- 1/2 medium red onion, finely chopped
- 2 pounds (10 to 12) small waxy-style potatoes, peeled and quartered
- 2 tablespoons, plus 1 teaspoon kosher salt
- 2 stalks celery (with leaves), chopped
- 1/2 cup prepared mayonnaise
- 2 tablespoons chopped flat-leaf parsley
- 2 tablespoons pickle relish
- 1 tablespoon French's mustard
- 2 hard-boiled eggs, roughly chopped
- Freshly ground black pepper
In a small bowl soak the onions in cold water, for 15 minutes. Drain.
In a medium saucepan cover the potatoes with cold water by about 2 inches.
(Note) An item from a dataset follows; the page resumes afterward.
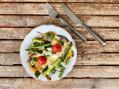 - Omelett mit grünem Spargel, Cocktailtomaten, Pimientos de Padrón und Käse. Köstlich!

Stir in 2 tablespoons of the salt. Bring to a boil, lower the heat, and simmer until fork tender, about 6 minutes. Drain, transfer potatoes to a large bowl, and mix with the onions and celery. Set aside to cool.
In a small bowl, whisk together the remaining 1 teaspoon salt, mayonnaise, parsley, relish, and mustard.
When the potatoes have cooled, carefully fold them with the mayonnaise mixture. Gently mix in the eggs and season with pepper to taste. Transfer to a serving bowl and serve.